Funding for the administration of homeless services has fallen from almost €46 million last year to a proposed spend just under €40 million. The cut for grants for disabled people to adapt homes is proportionally greater: it falls from more than €7.5 million to €4.4 million.

The council wants to raise rental income by €2.3 million next year. This would involve a 7 per cent rise which the council said it intends to introduce from July 1st. The increase was not being imposed to offset the council’s local property tax liability (LPT), which would be €1.7 million next year, the council said, but was being imposed in anticipation of a new national rents scheme.

This scheme was expected to come in in 2015 to equalise rents across all local authorities and would result in a 14 per cent increase in Dublin City Council’s rents, Mr Keegan said. The council was proposing to apply half of that increase from July 1st next year to soften the blow.

Independent city councillor Cieran Perry said the “pre-emptive” increase in rents was disingenuous. “A national rents scheme hasn’t even been legislated for and there is no reason to think any increase would be implemented in one go. The LPT was to be a tax on property yet Dublin City Council tenants will end up paying an increased rent on property they don’t own to finance the council’s liability.” The cut in homeless funding was “perverse” given the acknowledged increase in homelessness before Christmas.

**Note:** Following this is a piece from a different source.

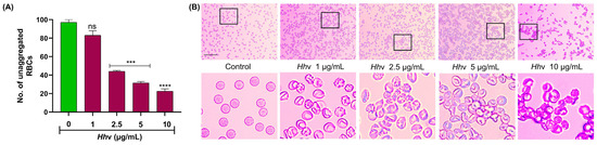 Hhv-induced crenation and aggregation of RBCs. (A) Semi-quantitative estimation of RBCs aggregation. Washed RBCs were treated with increasing doses of Hhv (0–10 µg/mL) for 1 h at 37 °C. Free unaggregated RBCs remaining are estimated in 2–3 different fields of view. (B) Corresponding brightfield microscopic images of cells stained using Giemsa-stain. PBS-treated cells served as a negative control. After treatment, cells were stained using Giemsa stain and observed under the microscope using 40× magnification. The area enclosed by the black box in the top panel is magnified and shown below. Scale bar 30 µm. The data were presented as mean ± SEM (n = 3) and analyzed using ordinary one-way ANOVA followed by Tukey’s multiple comparisons test, ‘****’ p < 0.0001, ‘***’ p < 0.001, and ns (non-significant) > 0.05 compared to the PBS-treated cells.

Fianna Fáil councillor Mary Fitzpatrick said her party would be opposing the budget. “Where is the logic in increasing rent, where there are significant arrears and people are already struggling to make full payment?”

The Government was treating Dublin unfairly, she said. “If the Government had given us the funding from the local property tax as promised, it would be a very different budget.”

Labour, the largest group on the council, would not be passing Mr Keegan’s budget because of the homeless and disabled grant cuts and rent rises, group leader Dermot Lacey said.“Certainly this budget will not be the budget adopted by the Labour group.”

Fine Gael’s Mary O’Shea said her party would be working on these issues with Labour to amend the budget.